Die ursprüngliche Eisenerzmine von Iron Knob
Zeitgleich wurde unmittelbar daneben eine Werft für Kriegsschiffe eröffnet, die einen Grossteil des Stahls verarbeitete. Die Werft ist seit langem wieder geschlossen, aber die Stahlproduktion und -verarbeitung läuft unter dem Namen OneSteel bis heute, resp. wurde kürzlich sogar modernisiert. OneSteel beschäftigt 3'000 Mitarbeiter und verarbeitet 1.8 Mio Tonnen Eisenerz im Jahr.
Hafen von Whyalla. Im Hintergrund das Werk von OneSteel.
Im Hafen von Whyalla wird neben dem produzierten Stahl auch rohes Eisenerz verladen, zumeist nach China (5.1 Mio Tonnen pro Jahr! Wieso das rentiert, resp. warum nicht gleich Stahl exportiert wird, konnte mir niemand erklären). Dann gibt es auch noch etwas Tourismus.
So wie Leigh Creek nur existiert, weil seine Braunkohlenmine rentiert, wäre Whyalla nur noch eine Geisterstadt, wenn OneSteel die Tore schliessen würde. Whyalla ist mit ca. 15'000 Einwohnern die zweitgrösste Stadt von South Australia (der grössten war der vorangehende Eintrag gewidmet).
OneSteel bietet Führungen an, die einen ins Herz der riesigen Anlage (mehrere Quadratkilometer gross) bringen und einen eindrücklich Einblick erlauben. Ich versuche mich kurz zu halten.
Per Schiff werden 0.9 Mio Tonnen Steinkohle aus New South Wales herangefahren und werden zu Koks umgewandelt — der Energiegehalt von Braunkohle, z.B. aus Leigh Creek, ist dafür zu klein. Dabei wird unter Luftabschluss eine höherwertige Kohle hergestellt, und als Nebenprodukte fallen grössere Mengen Koksgas und Ammoniumsulfit an. Ammoniumsulfit verwenden die Bauern als Dünger und die Terroristen als wichtigste Zutat für Bomben. 180 (!) Koksöfen werden parallel betrieben, und alle 8.5 Minuten wird einer geleert ... und einer mit 20 Tonnen Kohle gefüllt.
Die Koksofen sind links sichbar, der "Turm" ist der fahrbare Füllapparat
Das Eisenerz wird in der Mine zu feinem Kies gemahlen, mit aufbereitetem Regenwasser gemischt und 62 km durch eine Pipeline nach Whyalla gepumpt (!). Der Erzbrei wird getrocknet, dann wird Kalk aus Japan zugemischt. Im koksbefeuerten Hochofen wird das Eisenerz bei über 2000°C geschmolzen. Der Kalk bindet Verunreinigungen. Das flüssige Eisen (200 Tonnen pro Stunde; Kohlenstoffanteil 4%) wird in Spezialeisenbahnwagen gefüllt und ins nahe Stahlwerk gefahren. Die glühende Schlacke (Kalk plus der nicht-Eisenanteil aus dem Erz) wird von einem Spezialtransporter auf eine Halde gekippt. Das ist, als ginge die Sonne auf.

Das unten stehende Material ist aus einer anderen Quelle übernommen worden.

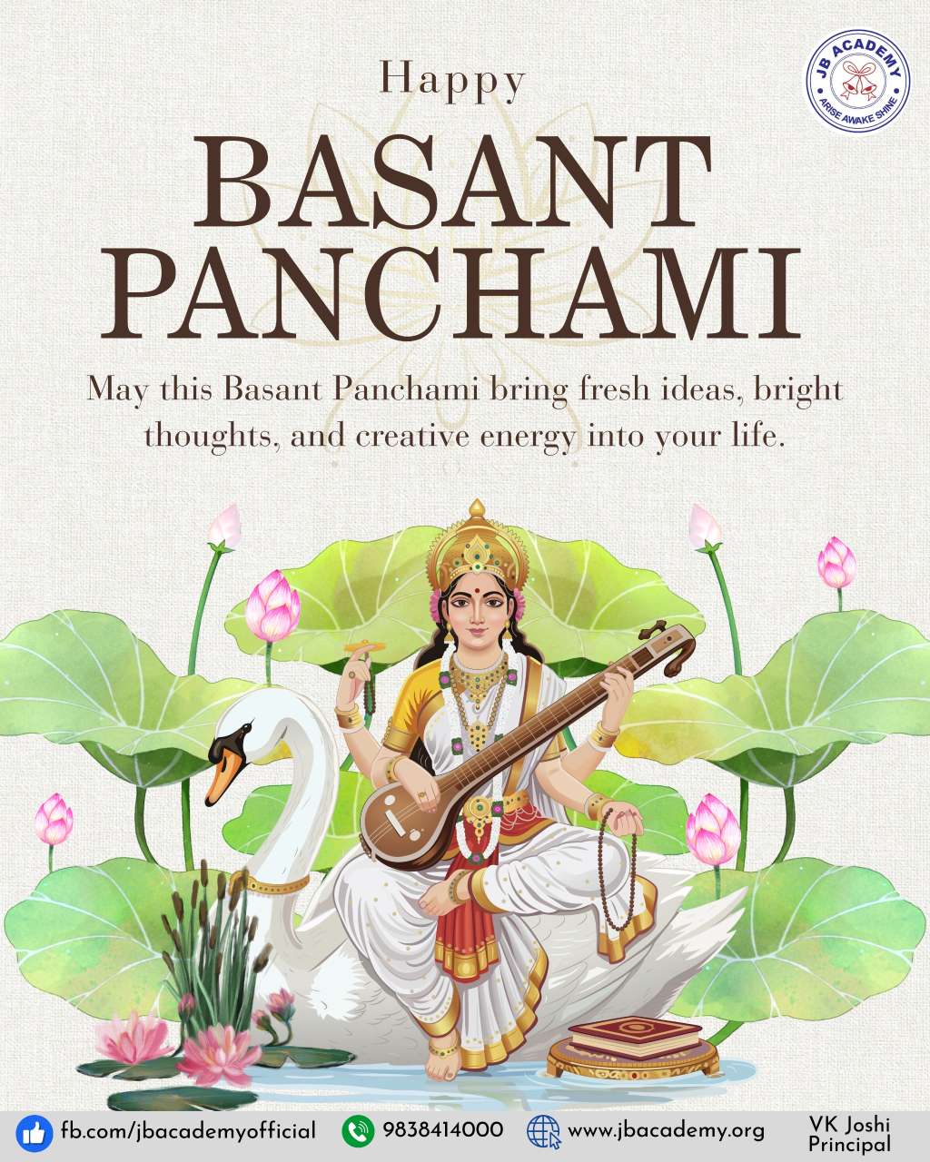 Warm wishes from JB Academy on the auspicious occasion of Basant Panchami. 🌼 May the blessings of Goddess Saraswati fill our lives with knowledge, wisdom, creativity, and positivity. May this season of spring bring new beginnings, growth, and joy to all.

Der Hochofen (engl. blast furnace)
Transporter mit Schlackebehälter
Ausleeren der flüssigen Schlacke
Im Stahlwerk wird das flüssige Eisen unter Zufuhr von Sauerstoff und Zugabe von einem Drittel Alteisen weitergekocht und der Kohlenstoffanteil auf unter 1% reduziert. Das ist nun Stahl. Allenfalls werden andere Metalle dazugegeben (Chrom, Mangan, etc.). Zum Kochen wird Koksgas (siehe oben) verwendet. Dann wird der Stahl zu Barren à 1.5 bis 5 Tonnen gegossen und abgekühlt. Jährlich werden 1.2 Mio Tonnen Stahl produziert.
Das Walzwerk
Die fertigen Barren
Später werden die Stahlbarren in einen riesigen Ofen wieder erhitzt (Koksgas!), dann zu Eisenbahnschienen oder Profilen gewalzt und wieder abgekühlt.

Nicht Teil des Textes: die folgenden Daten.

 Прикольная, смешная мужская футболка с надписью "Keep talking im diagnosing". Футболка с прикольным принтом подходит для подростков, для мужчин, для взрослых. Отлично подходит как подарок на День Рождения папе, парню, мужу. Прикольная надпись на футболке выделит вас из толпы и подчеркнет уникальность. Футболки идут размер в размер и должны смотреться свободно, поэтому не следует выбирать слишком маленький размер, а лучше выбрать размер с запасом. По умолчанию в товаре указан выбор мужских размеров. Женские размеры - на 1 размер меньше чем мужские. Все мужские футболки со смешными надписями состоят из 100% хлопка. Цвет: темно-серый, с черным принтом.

Je nach Verwendungszweck werden die Schienen und Profile partiell erhitzt (Koksgas …), dann abeschreckt und dabei gehärtet. Weil sie sich dabei verziehen können, werden sie nochmals erhitzt (womit wohl?) und gerichtet. Alle Produkte sind für den Australischen Markt bestimmt. Australian Owned, Australian Made. Wenn man die Leute von Whyalla vom Stahlwerk reden hört, dann sollte man sagen: Proudly Australian Made.
Whyalla ist eine aufgeräumte Kleinstadt, die sogar ein bisschen Charme hat und alles fürs tägliche Leben bietet. Im Gegensatz zum Grundwasser, das in Leigh Creek angezapft wird, ist Whyalla voll von eine Wasser-Pipeline abhängig, die 376 km lang ist und ihr Wasser vom Murray River bezieht. (Randbemerkung: wie in diesem Blog-Eintrag beschrieben, war der Murray River früher ein gewaltiger, schiffbarer Fluss. Da ihm für aber immer mehr Wasser für Landwirtschaftsbewässerung -– und z.B. für Städte wie Whyalla – entzogen wird, ist er zeitweise nurmehr ein Rinnsal. Das ist im Süden von Australien ein Riesen-Politikum, und die Regierung kauft seit 2013 Wassernutzungskontingente von Privaten zurück.)